I had a couple plants that was not doing to good, not filling out. They were about 2ft. tall. So I pulled it up an striped the lower 2thirds of leaves off.In a 5 gal bucket I mixed up more MG a lot of permits and a couple landfills of 13-13-13. Now only 6 inches of plant is showing. Will keep posted.


----------



## 7greeneyes (May 27, 2014)

oookay :watchplant:


:joint4:


----------



## Blackie54 (May 27, 2014)

Keyboard not spelling to good. It was perlite an hand full of 13-13-13.


----------



## trillions of atoms (May 27, 2014)

Sounds like a lot of fertilizer.... why didnt you just take pics and post them up.

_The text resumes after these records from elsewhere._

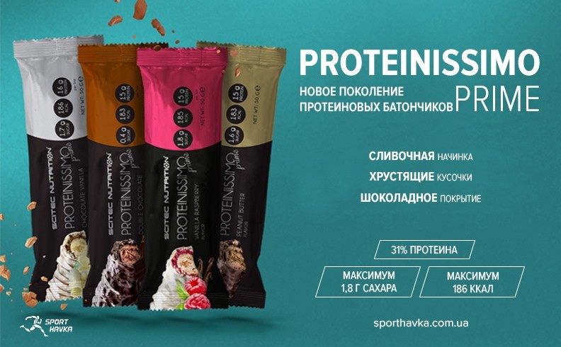 Заряжайтесь энергией и хорошим настроением с полезным батончиком Proteinissimo Prime от Scitec Nutrition.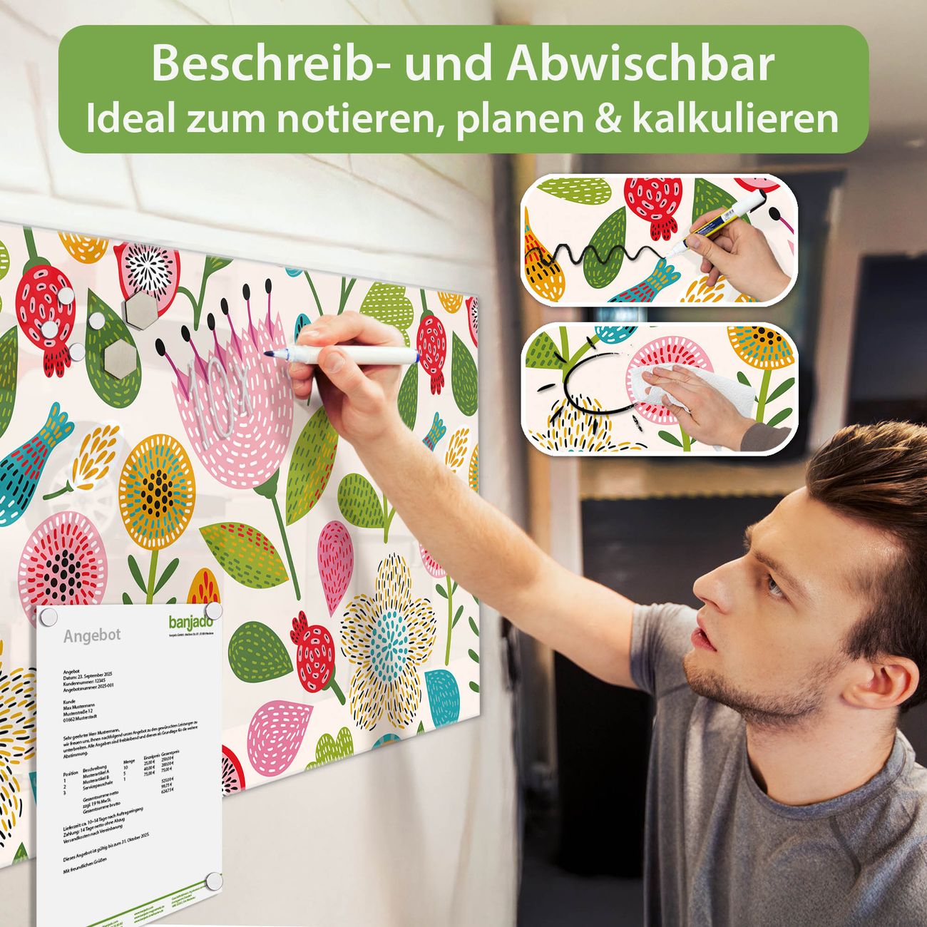 Auf der glatten Glasoberfläche lassen sich Termine, Rezepte oder Notizen ganz einfach mit Kreidestiften festhalten und rückstandslos entfernen. Starke Neodym-Magnete halten Ihre wichtigsten Erinnerungen sicher an Ort und Stelle. So entsteht Ihre ganz persönliche Ideenwand - jeden Tag neu.
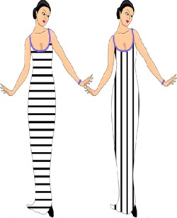 E’ opinione diffusa che indossare un vestito a righe orizzontali faccia sembrare più grassi. Una ricerca scientifica ha affrontato la quesitone, anche perché una nota illusione ottica, nota come illusione di Helmholtz, insegna invece il contrario: riempiendo di righe orizzontali un quadrato, questo tende a sembrare più sottile.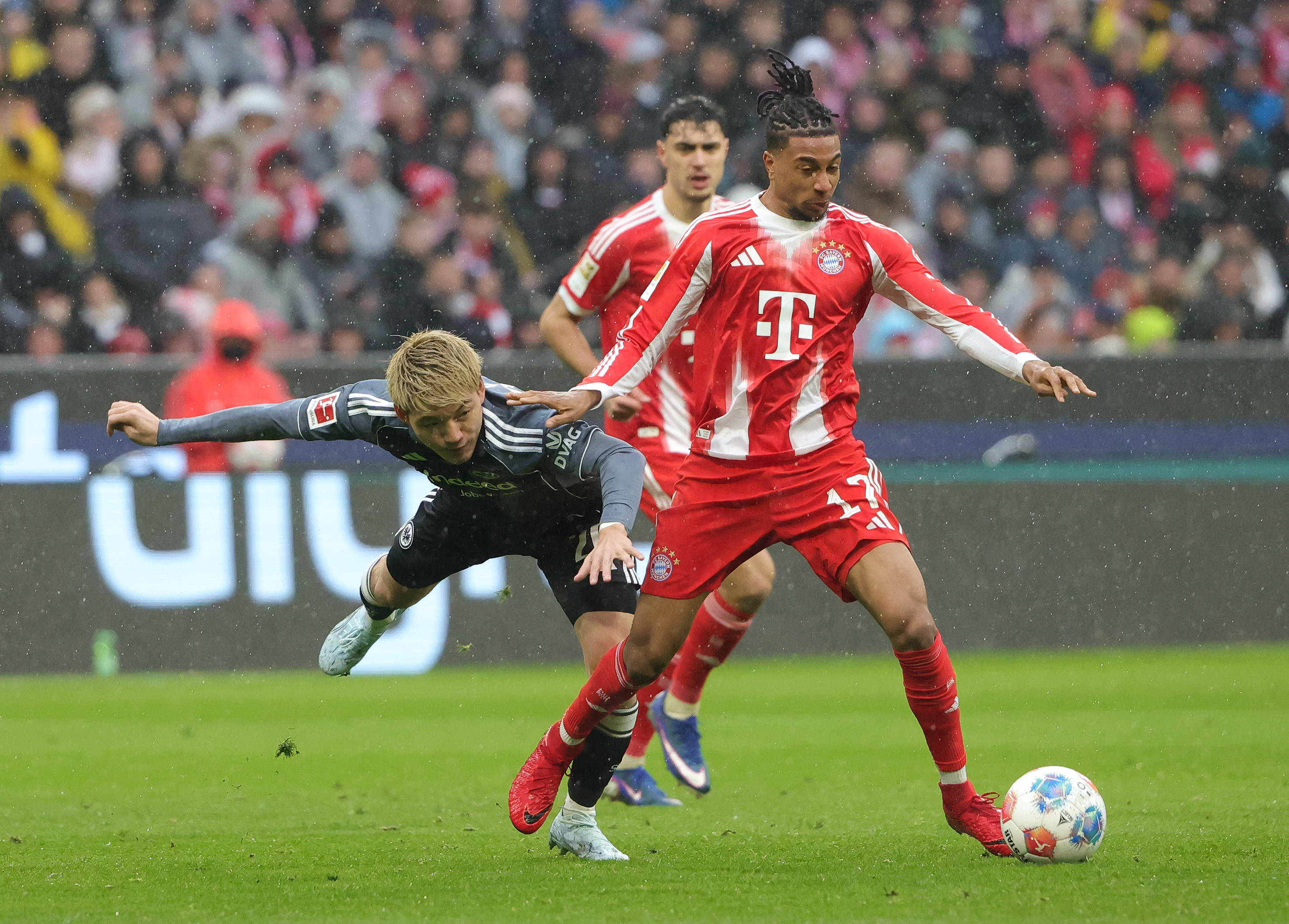 2月21日,拜仁慕尼黑队球员奥利塞(右)和法兰克福队球员堂安律(左)在比赛中拼抢。 新华社发(菲利普·鲁伊兹摄)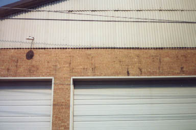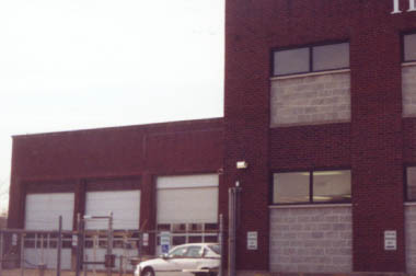 Next stop was Aurora, and in search of evidence of the original and later (1925) car houses, using maps from "The Great Third Rail", The Central Electric Railfans' Association (CERA) Bulletin 105. There was no evidence of the original car house at Water St. and Benton St. But on River St., on the east side of the street and near the location indicated on the CERA map, a building remains standing which looked like it could have been built in 1925, and shaped like the car house shown on the CERA map. That building is now used by NICOR, the local natural gas company, as a garage for its vehicles. The address is 424 S. River St. The portion of the building immediately next to River St. was not the portion with actual streetcar tracks.

we might have been able to solve your problem...

it might be to late now.


----------



## BenfukD (May 28, 2014)

trillions of atoms said:


> Sounds like a lot of fertilizer.... why didnt you just take pics and post them up.
> 
> we might have been able to solve your problem...
> 
> it might be to late now.




They may have small hands:huh:


----------



## Kindbud (May 28, 2014)

yeah u just screawed up


----------



## Hushpuppy (May 28, 2014)

If your light isn't strong enough the plants will stretch toward it. MJ is a high energy plant that needs a lot of light to grow optimally. If they are Sativa dominant then they are naturally going to grow tall and "leggy", and cutting off the bottom growth only encourages them to grow faster out the tops of the plants.

I hope you aren't using Miracle grow soil AND adding 13-13-13 fertilizer  that is waaay too hot for MJ to grow healthy in. MJ needs to be in soil that is either formulated or mixed with the proper nutrients for MJ or medium that is totally nutrient ffree so that you can feed it a MJ formulated nutrient regimen.


----------